• Work to be completed: Without the images, print every line of the material below exactly as given.

• Material provided:
== Segment start ==
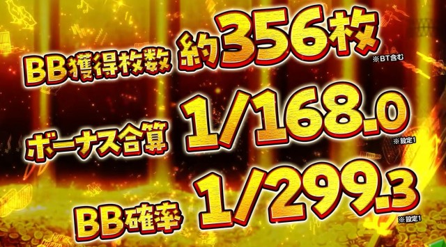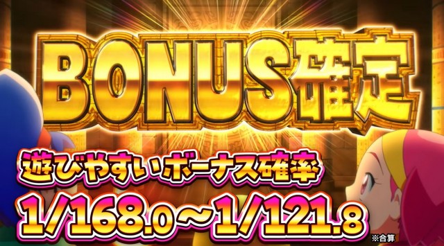 ボーナス確率も遊びやすい1/168.0~1/121.8となっているところも嬉しいポイントだ。
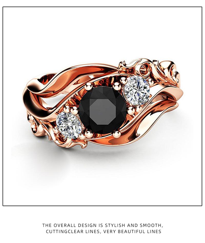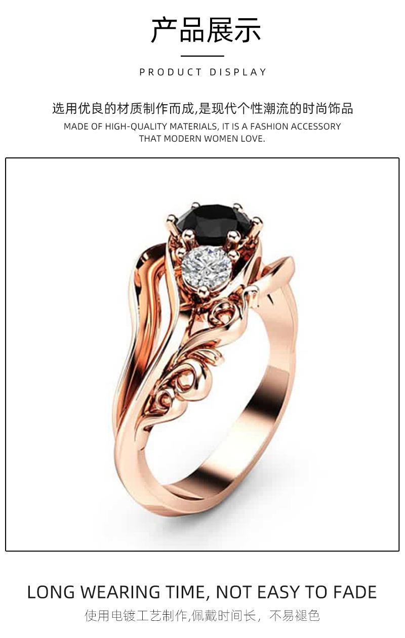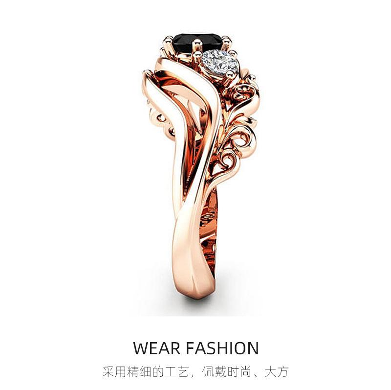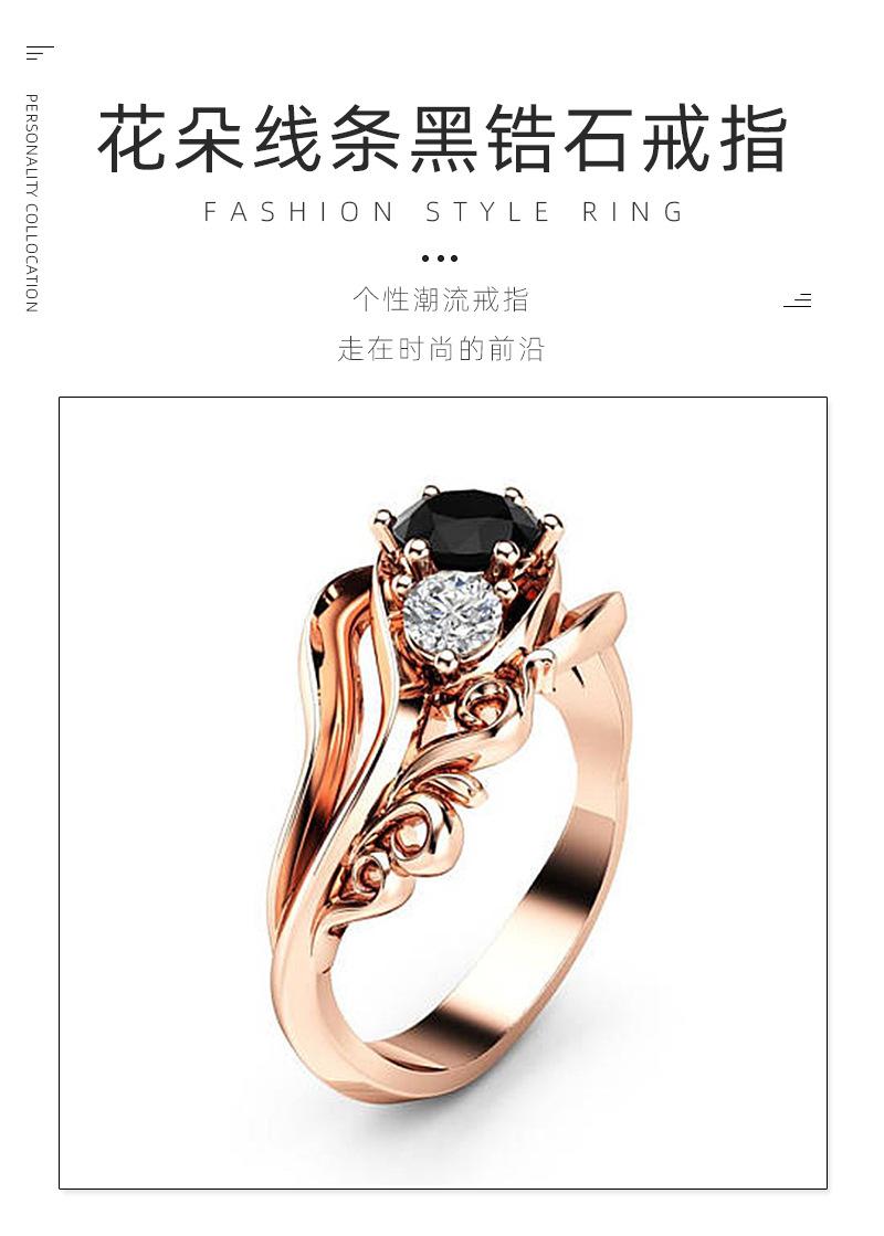 Anillo de circonita negra con línea de flores transfronterizas, anillo de diamantes popular de moda, pulsera de cena de lujo ligera retro de moda
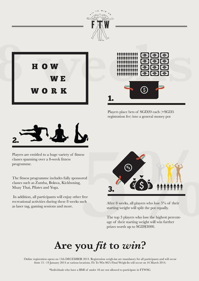 Fit To Win (FTW) is Singapore’s first social weight loss challenge where participants can lose weight and get fit via a revolutionary betting and competition system.
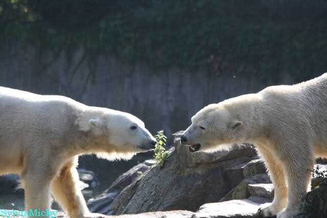 Knut sah sie und kletterte nach oben. Das sah Kati und kam angepest. Knut kletterte trotzdem nach oben und stellte sich ihr mit lautem Brummen und weit aufgerissenen Maul entgegen. Kati zog sich schließlich zurück.
== Segment end ==
• Solution for this problem:
 ボーナス確率も遊びやすい1/168.0~1/121.8となっているところも嬉しいポイントだ。
 Anillo de circonita negra con línea de flores transfronterizas, anillo de diamantes popular de moda, pulsera de cena de lujo ligera retro de moda
 Fit To Win (FTW) is Singapore’s first social weight loss challenge where participants can lose weight and get fit via a revolutionary betting and competition system.
 Knut sah sie und kletterte nach oben. Das sah Kati und kam angepest. Knut kletterte trotzdem nach oben und stellte sich ihr mit lautem Brummen und weit aufgerissenen Maul entgegen. Kati zog sich schließlich zurück.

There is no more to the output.